Ratings/Color = 1(white) 2(lime) 3(yellow) 4/5(red)

Analysis

This question looks easy (well, isn’t it?), but it really is not easy!.

The main idea is: an array of int(128) is used to keep track of the last occurance position of each character. So we iterate thru the characters while constently checking the last occurrence of the letter. Meanwhile, keep updating the longest distance.

There is 1 place where it’s extremely easy to make mistake, that is the condition of update left points:

if (previousPos != -1&& previousPos >= left) {
    left = previousPos + 1;
}

If you have an idea of using array int(128) to store last occurrence, and you got the above if condition correct, then you nailed it!

Again, this is a tough question.

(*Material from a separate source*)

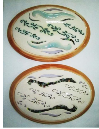
Şekil 10. Çalışma 5 (32x40 cm)

There’s a seemingly more intuitive solution using the sliding window method. It’s very similar to [LeetCode 76] Minimum Window Substring.

Solution

Note what happens when a repeating char is found (2 different conditions).

My code

The proper way:

public class Solution {
    public int lengthOfLongestSubstring(String s) {
        if (s == null || s.length() == 0) {
            return 0;
        }

        int[] flag = new int[128];
        for (int i = 0; i < flag.length; i++) {
            flag[i] = -1;
        }
        // left and right pointer defines the valid range
        int left = 0;
        int right = 0;
        int longest = 0;
        int len = s.length();

        while (right < len) {
            char letter = s.charAt(right);
            int previousPos = flag[letter];
            if (previousPos != -1&& previousPos >= left) {
                // if right pointer points to an old letter, and is within current range
                // then we need to update our left pointer:
                // to bypass the previous occurrence of that letter
                left = previousPos + 1;
            }
            flag[letter] = right;
            // advance right pointer to the next letter, and calculate longest distance
            right++;
            longest = Math.max(longest, right - left);
        }
        return longest;
    }
}

The sliding window way:

public class Solution {
    public int lengthOfLongestSubstring(String s) {
        if (s == null || s.length() == 0) {
            return 0;
        }
        int len = s.length();
        int left = 0;
        int right = 1;
        HashSet<Character> set = new HashSet<Character>();
        set.add(s.charAt(0));
        int longest = 1;
        while (right < len) {
            // right pointer proceeds until boundary or duplicate char found
            while (right < len && !set.contains(s.charAt(right))) {
                set.add(s.charAt(right));
                right++;
                longest = Math.max(longest, right - left);
            }
            if (right == len) {
                return longest;
            } else {
                // right pointer has reached a duplicate char.
                // now move left pointer until that dup char is found
                while (s.charAt(left) != s.charAt(right)) {
                    set.remove(s.charAt(left));
                    left++;
                }
                // left pointer advance by one to bypass the dup char
                left++;
                // right pointer advance by one to include the dup char
                right++;
            }
        }
        return Math.max(longest, right - left);
    }
}